I am a little confused as to when and why to use this syntax and what the difference is between them. In Regular Expressions lesson we jump between these two a few times:
java_titles = titles[titles.str.contains(pattern)]
ending_count = titles.str.contains(pattern_ending).sum()
Any help / info as to where I can learn more on this would be helpful.
Welcome to DQ Community @bennettbrown
Not sure which track or course you are engaged with.
As part of the DQ course, the syntax has been explained in these two missions:
Boolean Indexing with NumPy
Exploring Data with pandas: Fundamentals
titles.str.contains(pattern) this code matches the pattern with each row in series and gives a boolean value - True if matched and False if not matched.
try this to see the results:
print(titles.str.contains(pattern_ending)) on the console.

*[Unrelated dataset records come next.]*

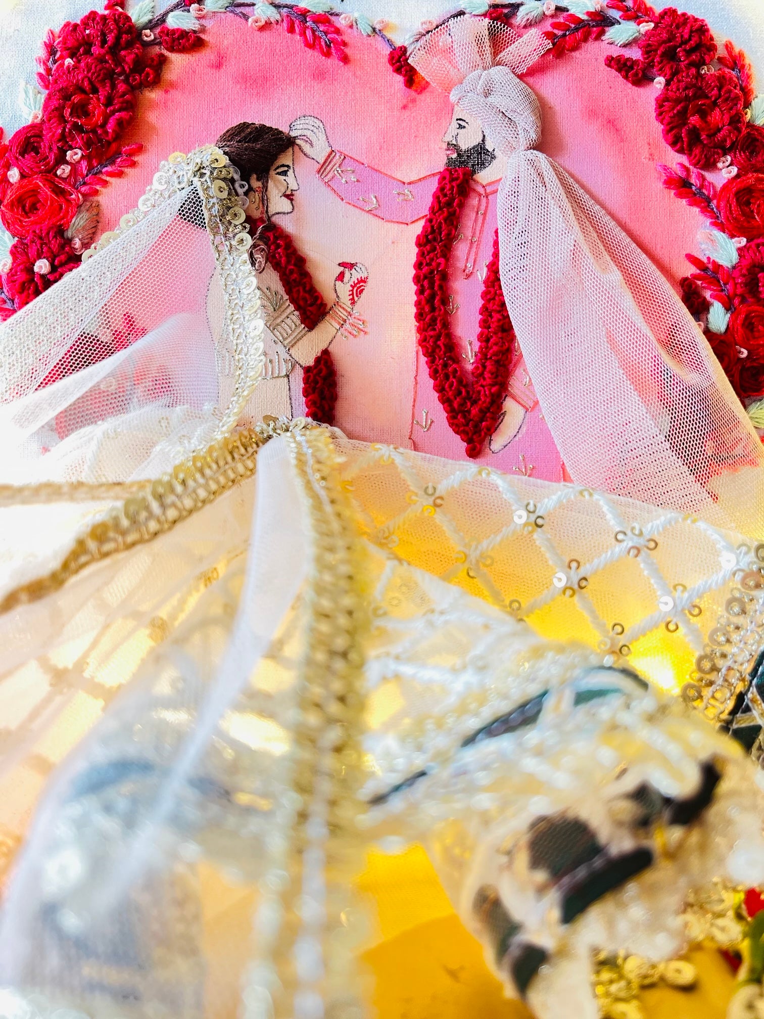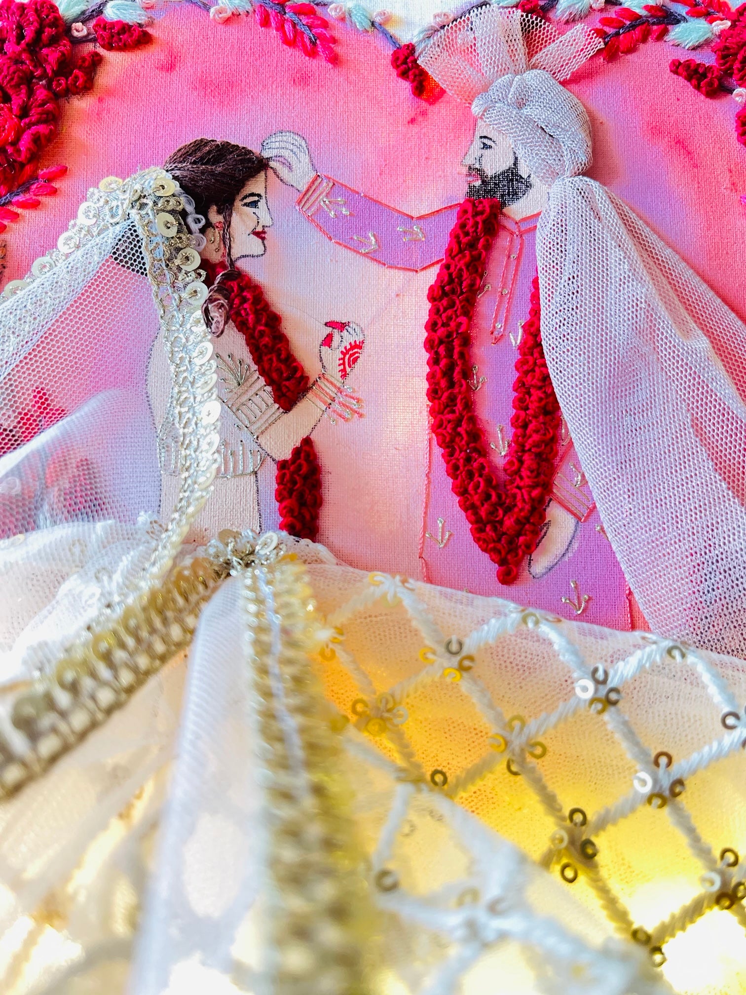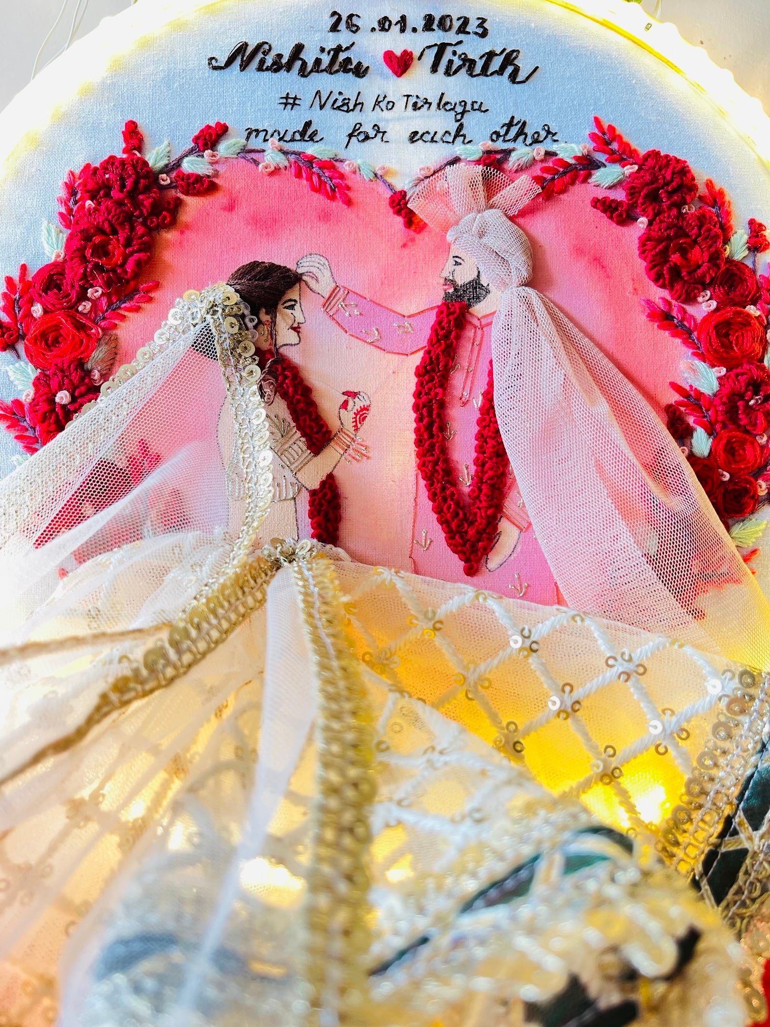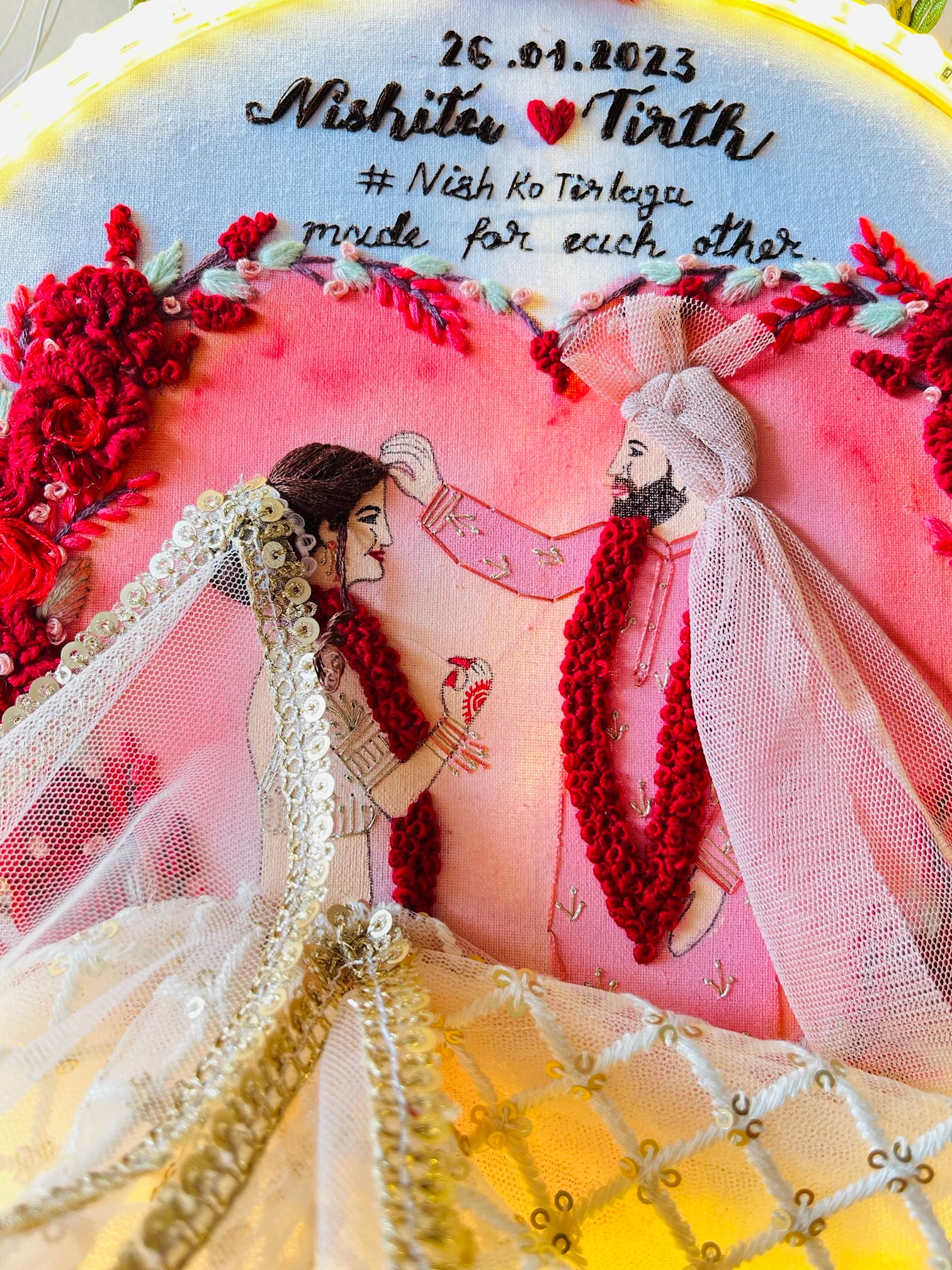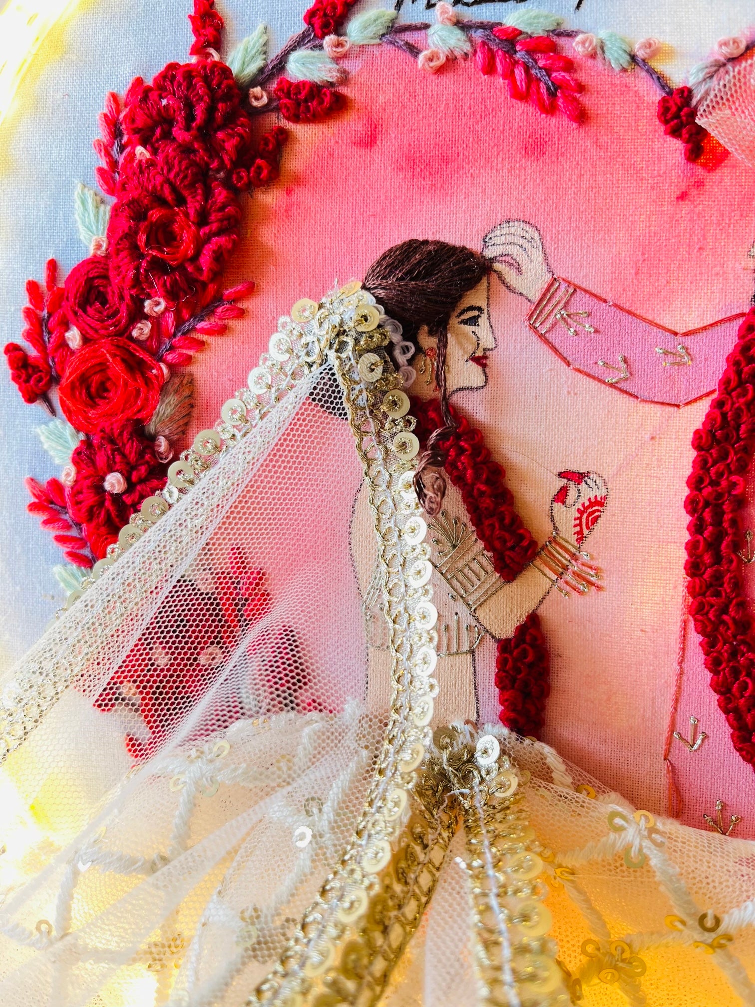 Celebrate the magic of your wedding day with this luxurious handcrafted embroidery hoop art, featuring a sindoor applying couple dressed in intricately embroidered outfits. The bride’s lehenga is adorned with layers of embroidered lace, sequins, and a flowing dupatta, while the groom’s sherwani is detailed with realistic fabric drapes and a turban.
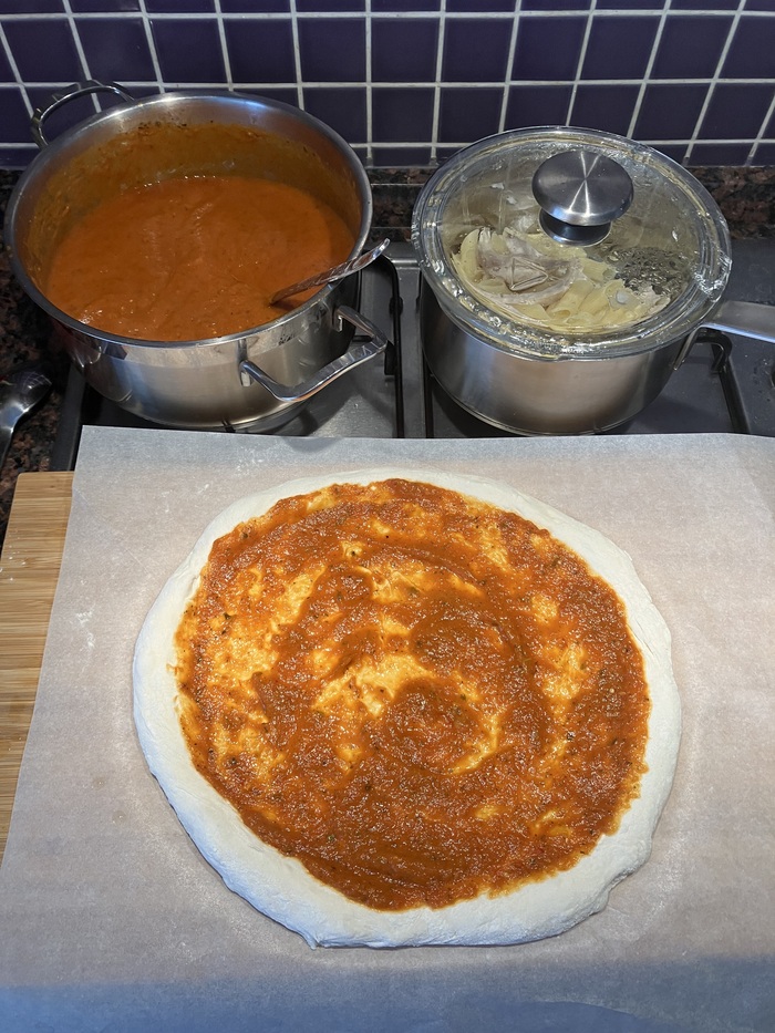 Сижу, никого не трогаю, решил передохнуть пока расстаивается тесто и подеградировать на пикабушке. И тут очередной высер от какого-то телеграмм канала, где с помощью кетчупа и мазика собирают пиццу. Вобщем у меня произошёл режим знатного охеревания и я схватив первый попавшийся тапок решил отснять как готовить пиццу. Да неидеально и любители сложить пальчики вместе скажут что не кошерно белиссимо, но это просто быстрый рецепт когда захотелось вкусной пиццы и результат радует.
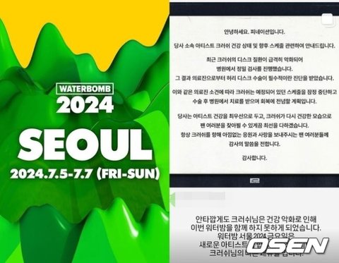 크러쉬 측의 공지가 올라온 뒤 ‘워터밤 서울 2024’ 측은 SNS를 통해 크러쉬의 공연 불참을 알렸다. 워터밤 측은 “안타깝게도 크러쉬 님은 건강 악화로 인해 이번 워터밤을 함께 하지 못하게 됐다. 워터밤 서울 2024 금요일은 새로운 아티스트가 합류할 예정이다”라고 밝혔다.
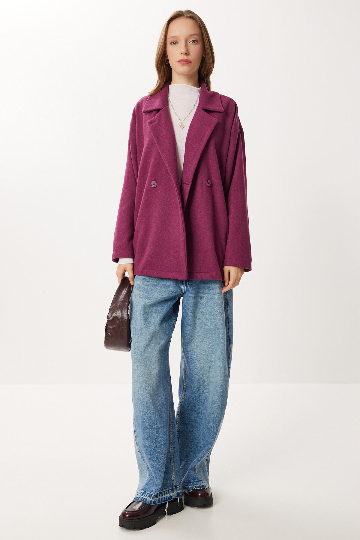 Oversize Kruvaze Kaşe Kaban LZV0038 KAHVERENGİ Oversize Kruvaze Kaşe Kaban LZV0038 KAHVERENGİ 42
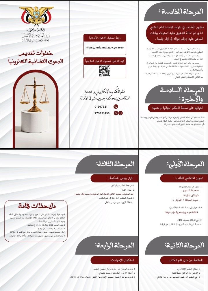 واشار الوكيل إلى أهمية البروشور التوضيحي الذي أعدته المحكمة كجانب توعوي وإرشادي يوضح للمتقاضين خطوات تقديم الدعاوى القضائية إلكترونيًا، بما يسهم في تعزيز الشفافية، والحماية من الابتزاز، وتبسيط الإجراءات، وتسهيل وصول المتقاضين إلى خدمات العدالة الرقمية.
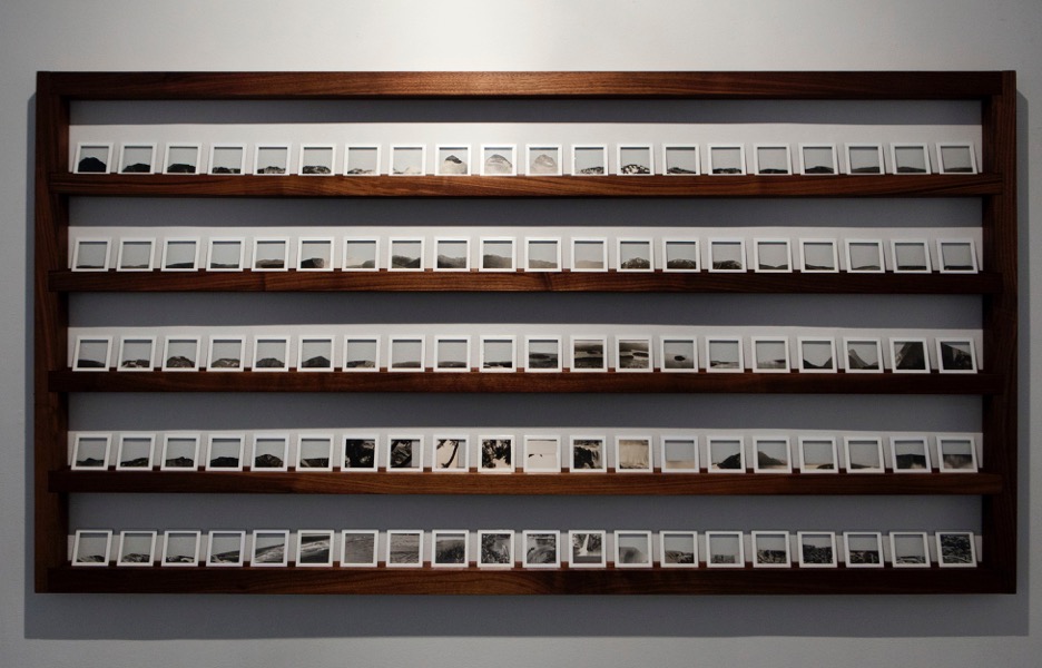 Tout juste en face, Hajra Waheed a juxtaposé des diapositives de verre dans une petite étagère fixée au mur. On est tout de suite tenté de parcourir les images de gauche à droite et de haut en bas à la recherche d’un récit, d’indices qui pourraient donner l’impression d’une évolution d’une image à l’autre. On cherche en vain une figure humaine qui pourrait servir de personnage principal : un être qui parcourrait les montagnes, les lacs, les forêts. Son absence hante chacun des paysages, si bien qu’elle en devient le moteur de tous les récits possibles, projetés par le visiteur qui se retrouve malgré lui dans une distance intime face aux images miniatures. Je repasse à plusieurs reprises chacune des diapositives, je me raconte tout plein d’histoires.
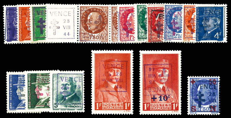 2346 imageVENCE: n°5, 6, 8, 12 (2ex), 13, 14, 15, 15A, 17, 18, 19, 25, 27 et 28. TTB. R. (signé s Mayer/certificat) Qualité: ** Cote: 1062 euros (Image)
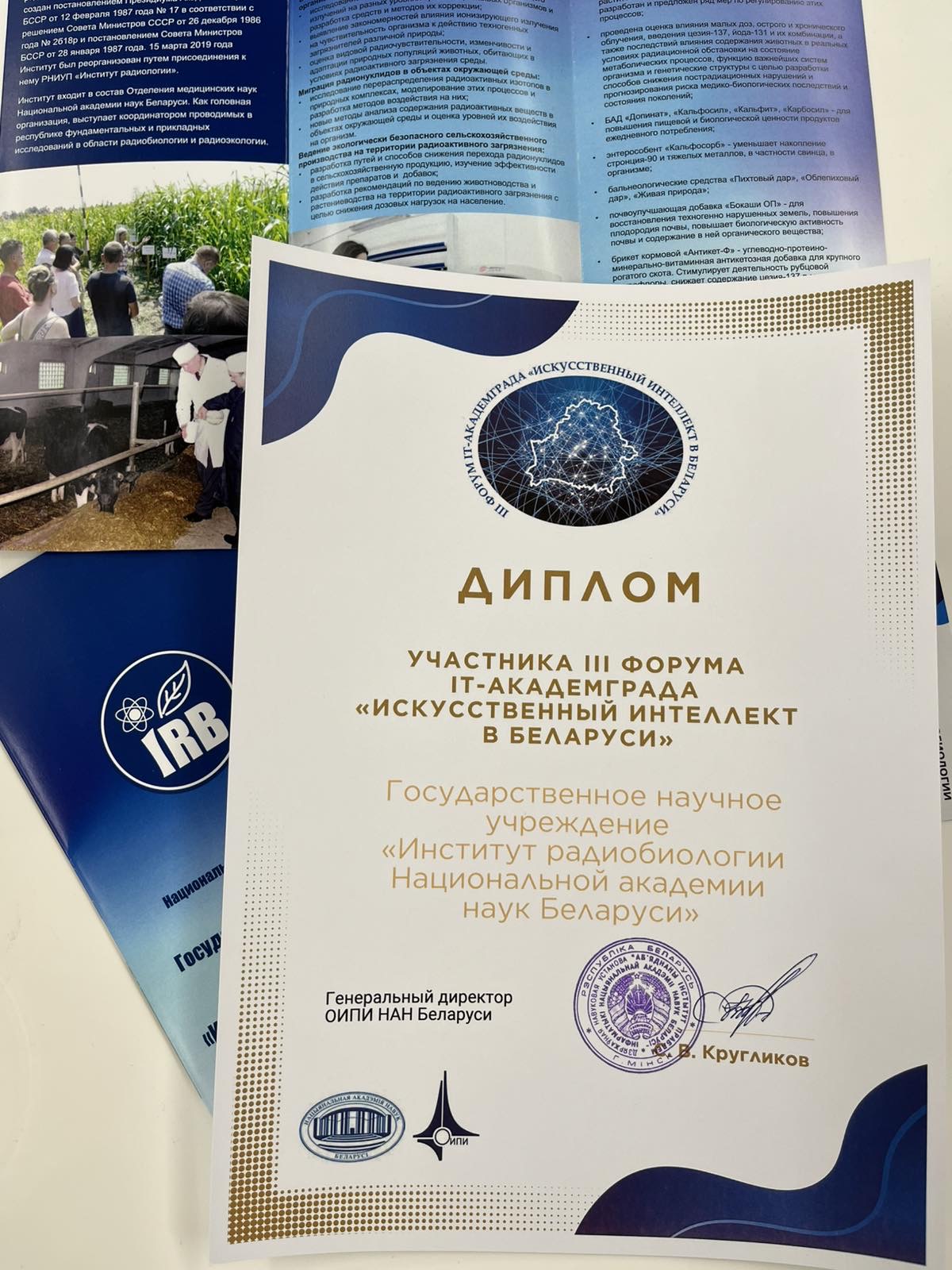 10.10-11.10.2024 Мищенко Е.В. принимает участие в выставке II форума IT-Академград (Президиум НАН Беларуси, г. Минск). На выставке были представлены последние результаты работы по теме «Повышение чувствительности и прецизионности методов гамма-спектрометрии в условиях низкого отношения сигнал-шум с использованием методов машинного обучения» и разработка “Геоинформационный анализ и дистанционное зондирование территорий, загрязненных радионуклидами”. По результатам работы форума планируется опубликование материалов в сборнике форума и опубликование разработки в каталоге выставки.
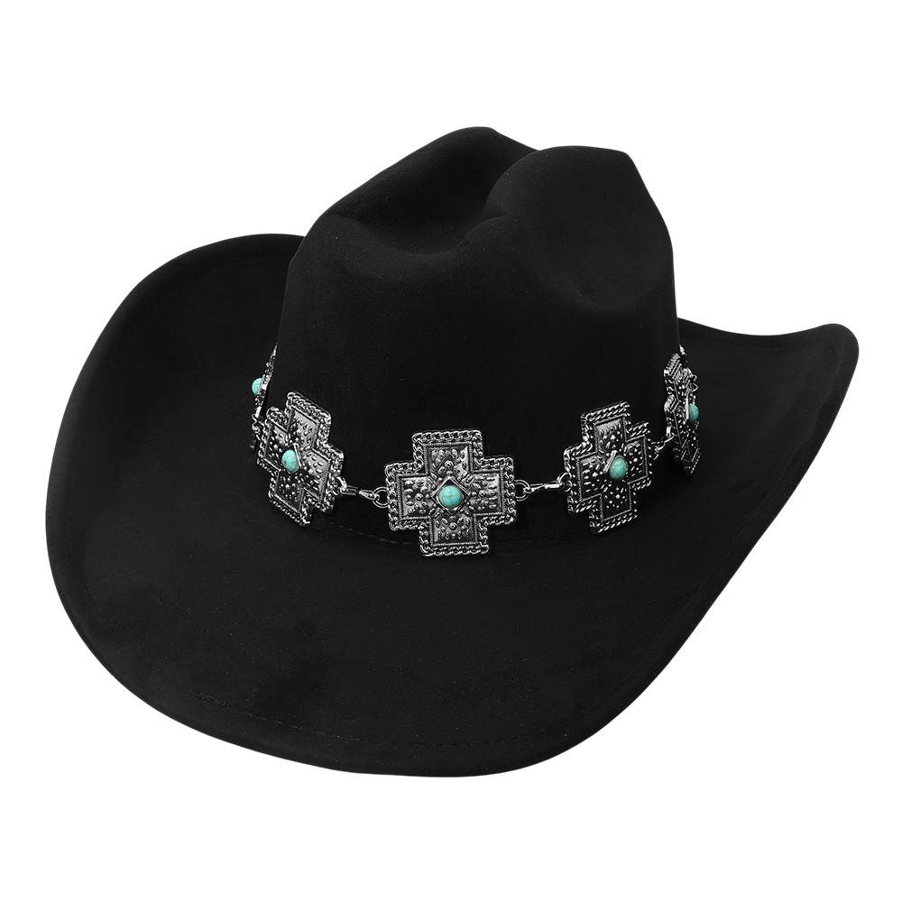 • Classic cowboy hat accented with a bold cross concho chain band featuring detailed engravings and turquoise-style accents. Perfect for rodeo events, concerts, festivals, and western wear, this hat blends traditional cowboy style with standout charm, making it a must-have western accessory.
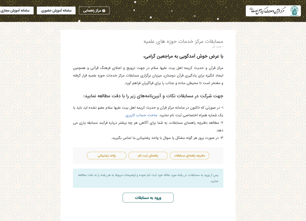 متقاضیان میتوانند برای ثبتنام از تاریخ 16 مهر تا 10 آبان 1399 به «سامانه سخا/ خانواده و امور فرهنگی/ بخش مسابقات قرآن» (ویژه همسر و فرزندان طلاب برادرو طلاب خواهر) و سایت جامعهالمصطفی (ویژه طلاب غیر ایرانی) مراجعه نمایند.
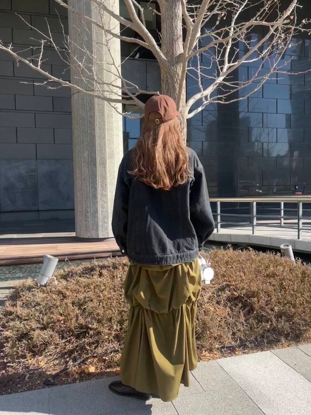 トレンドのバルーンのデザイン性があるスカートを合わせるとおしゃれ見え抜群です!!

titles[titles.str.contains(pattern)] filters out only those rows where the pattern matched i.e. where
titles.str.contains(pattern) == True
titles.str.contains(pattern_ending).sum() this code sums the rows where the pattern matched. True is considered as 1 and False is considered as 0. so sum() will result in count of rows where pattern matched.
You may also refer to a similar post here there is a detailed explanation about the syntax.
Hope this helps you somewhat. please do reply if you have an issue with any part of the post.
And for future queries , please attach a link to the screen you are working with and facing an issue. It helps the other members to help you better.